# [Activity]
When you write out the listing, keep each word exactly as it stands but include none of its images.

# [Material provided]
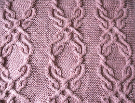 Row 29: (K6, k2, c4f, p12, c4b, k2) 3 times, k6
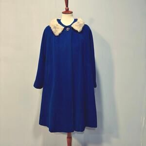 Vintage 50's Blue Fur Collar Wool Swing Coat Winter Heavy A-line pockets, Women's Size M
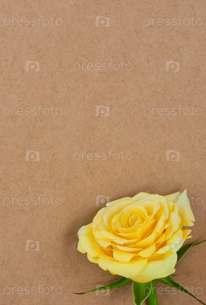Желтая роза на фоне грубой бумаги с местом для текста
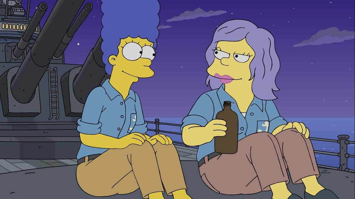 On the battleship, Marge is partnered up with Sarah Wiggum (guest star Megan Mullally), who is painfully dull in her responses to Marge’s attempts at socializing with her. At the concert, Homer and Carl bond with Chief Wiggum (Hank Azaria), who also persuaded his wife to attend the field trip. Marge continues to try to make friends with Mrs. Wiggum: “What are your top ten ways of trying to start a conversation?” Marge is surprisingly impressed with Sarah’s parenting skills and is taken aback when Wiggum lets loose after drinking some alcohol. They talk about their husbands as they wind down after the children have gone to bed, relating to each other over how similar their lives really are. Marge asks Sarah to hang out more often, but Sarah says she has a reason she keeps to herself. Suddenly two mysterious figures appear out of the darkness and put pillowcases over the two women’s heads.

# [Expected output]
 Row 29: (K6, k2, c4f, p12, c4b, k2) 3 times, k6
 Vintage 50's Blue Fur Collar Wool Swing Coat Winter Heavy A-line pockets, Women's Size M
Желтая роза на фоне грубой бумаги с местом для текста
 On the battleship, Marge is partnered up with Sarah Wiggum (guest star Megan Mullally), who is painfully dull in her responses to Marge’s attempts at socializing with her. At the concert, Homer and Carl bond with Chief Wiggum (Hank Azaria), who also persuaded his wife to attend the field trip. Marge continues to try to make friends with Mrs. Wiggum: “What are your top ten ways of trying to start a conversation?” Marge is surprisingly impressed with Sarah’s parenting skills and is taken aback when Wiggum lets loose after drinking some alcohol. They talk about their husbands as they wind down after the children have gone to bed, relating to each other over how similar their lives really are. Marge asks Sarah to hang out more often, but Sarah says she has a reason she keeps to herself. Suddenly two mysterious figures appear out of the darkness and put pillowcases over the two women’s heads.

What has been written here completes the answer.